Orders
- Ordination: March 20, 1760 (subdeacon)
- Created cardinal: July 18, 1763

Personal details
- Born: November 2, 1710 Rome
- Died: January 17, 1789 (aged 78) Rome
- Buried: Church of Sts. Bartholomew and Alexander, Rome
- Denomination: Roman Catholic
- Residence: Rome
- Parents: Count Giovanni Battista Negroni & Ludovisi di San Casiano

= Andrea Negroni =

Italian Cardinal

Andrea Negroni (November 2, 1710 – January 17, 1789) was an Italian Cardinal who was Cardinal-Deacon of the titular Church of Santi Vito, Modesto e Crescenzio from 1765 to 1779.

==Life==

===Ancestry===
Negroni was born in Rome, the eldest of the two sons of Count Giovanni Battista Negroni, whose family had originated from Bergamo, and his wife, Ludovisi di San Casiano. Their other child was Stanislaus. Through him, the Negroni family was added to the Roman nobility in 1746. His grandfather, Count Giovanni Francesco Negroni, had been appointed as Governor of the territory of Orvieto, part of the Papal States, in 1673 by the Holy See. The family name is also listed as Nigronus.

In 1725, their father, Count Giovanni Battista Negroni was introduced to the Stuart Pretender, James Stuart, the would-be James III of England.

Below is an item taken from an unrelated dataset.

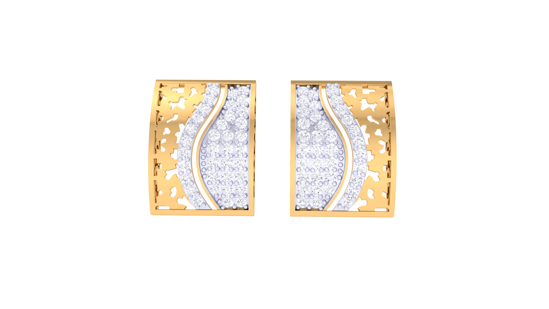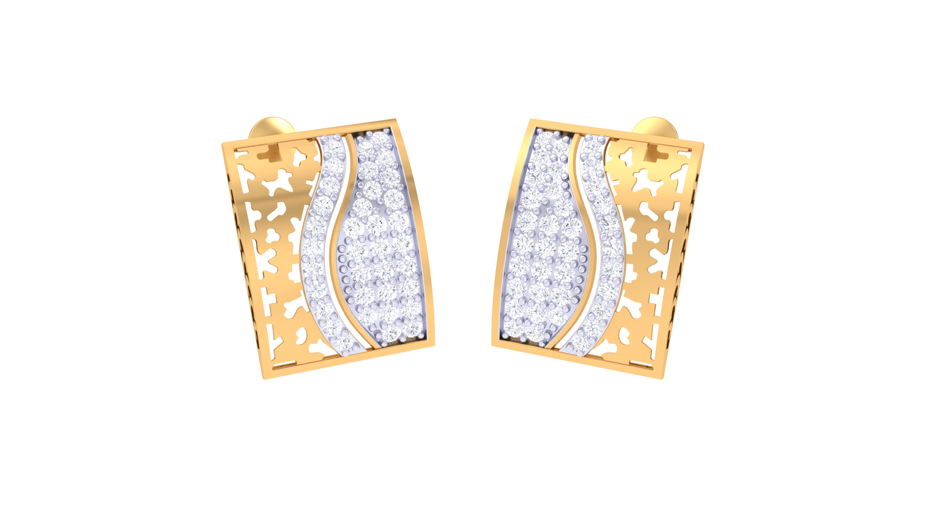 Geometric Sparkle Stud Earrings In Gold - 0.67 Ct Round Cut Diamonds

He acted as his host that year and came to be a friend of the Stuart family.

The Count was deeply involved in astrology and came to be suspected of necromancy, which was considered to be heresy by the Church. It was a crime under which several people from his own estates were condemned as sorcerers and witches and were sentenced to be burned to death. Due to his family connections with the Church, the Count was spared any investigation. After his death in 1730, however, all his notes and writings were burned.

===Church career===
Starting in 1735, Andrea Negroni occupied several posts of increasing responsibility in the Roman Curia, notably at the Apostolic Signatura, and was appointed a secular canon of St Peter's Basilica in 1759. The following year, he was ordained a subdeacon; that same year he was named commendatory abbot of the Abbey of SS. Severo e Martirio nell'Orvietano, a post he held until 1789.

Negroni was made a Cardinal-Deacon by Pope Clement XIII in the consistory of 18 July 1763, receiving his red hat three days later, and given the titular Church of S. Maria in Aquiro. He went on to be given additional posts appropriate to his new station, such as Auditor of His Holiness (1765) and Secretary of the Chancery of Apostolic Briefs (1767-1775). He also served as the Cardinal Protector of the Cistercian Order, as well as of the Bernardine nuns and the Basilian monks, as well as of Bergamo and numerous towns and groups. In 1765, he was granted the transfer of his title to the Church of Sts. Vitus, Modest and Crescentius.

In 1763, the Cardinal took responsibility for raising the young Marquess Ercole Consalvi, whose father had just died. Consalvi went on to become an official of the Papal Court, and himself a Cardinal, rising to the office of Cardinal Secretary of State under Pope Pius VII, whose chief advisor he was through the turbulent years of the French occupation of Italy (1797-1814).

Negroni took part in the 1769 conclave which elected Pope Clement XIV and that of 1774-75 which elected Pope Pius VI.

===Death===
He died in Rome where his funeral was held at the Basilica of St. Augustine there, with burial taking place there in the family sepulcher in the Bergamese-connected Church of Sts. Bartholomew and Alexander.